Kerns-Smith said that months after those comments were made, the company said they didn’t remember those comments, but they did reiterate they could run any kind of petroleum products through the line.

“They advised my husband and I that this is a ‘public project for the public good,’” Kerns-Smith said. “They schooled us on the fact that there are no family values, there is no sentimental value – value is only in the dollars.”

“They told us they have a right to eminent domain but would rather ‘work with’ us,” Kerns-Smith said. “They advised us not to seek legal counsel because they would then not work with us.”

“They insisted that a gas line through our property will benefit us and increase our property value. They argued with us when we said otherwise. But they did come back and admit that I would never have gas in my home, that it would not be feasible and it would not be an option.”

“This is just a sample of my personal experience and why I am in protest of this case,” Kerns-Smith said. “I feel that the company was trying to sneak into our area and use questionably ethical tactics to take advantage of property owners – some who have preserved farmland –  their family farms – for generations. If I already in October 2016 do not trust the integrity of this company, I cannot trust the future aspects of the project either.”

“Mountaineer Gas made it very clear to me that if they are not on my property, then what they are doing is none of my business,” Kerns-Smith said. “Currently, they are not on my property. They didn’t use eminent domain to come through our property. They went around me. The land agent told me that they are a small company and they don’t have much money. They couldn’t afford to go around me. But they are currently going around me. I no longer get information about the pipeline from the company because it’s ‘none of my business.’”

Kerns-Smith said that the company did not disclose that they had additional ground on our property mapped for “ATWS.”

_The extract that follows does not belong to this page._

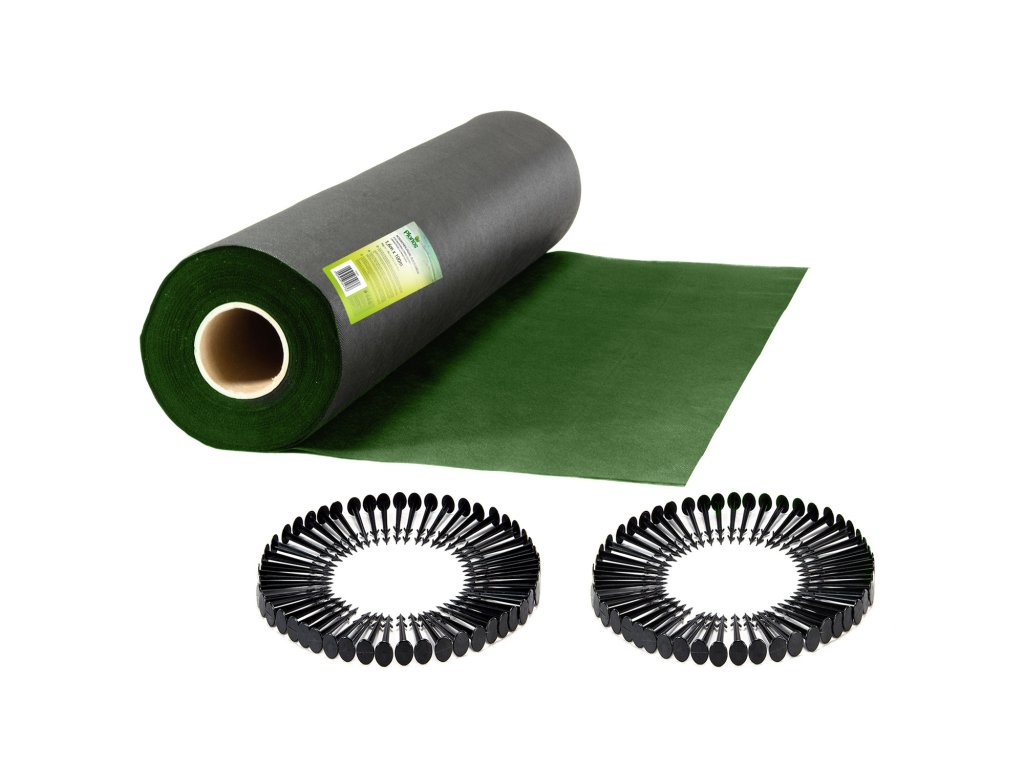 Vrtna tkanina 1,6 m x 100 m 90 g/m2 + 100 klincev Plonos - črno-zelena

“The WS stands for ‘work site’ and that they planned to keep equipment and supplies in a large field on our property — no compensation for this was included on their offer,” Kerns-Smith said.

Walls, the Upper Potomac Riverkeeper, warned of the risks of TransCanada’s plans to dig a pipeline under the Potomac River just west of Hancock, Maryland and said that there is a growing regional and national movement to stop that project.

The TransCanada pipeline would feed fracked gas from Pennsylvania into the Mountaineer Gas pipeline that would cut through Morgan County. Walls called on the Commission to join in the regional movement against the pipeline.

David Lillard of West Virginia Rivers Coalition told the Commission that “pipeline construction has potential to have significant impacts on nearby water bodies due to failing sediment and erosion controls, inadvertent returns of drill mud when performing underground borings, and failure to contain accidental spills in karst terrain.”

“We hope you will consider these potential impacts and seek further information,” Lillard said. “Ask yourselves – if the famed Berkeley Springs are damaged, and the local economy damaged, will a modest fine imposed on a company bring you satisfaction?”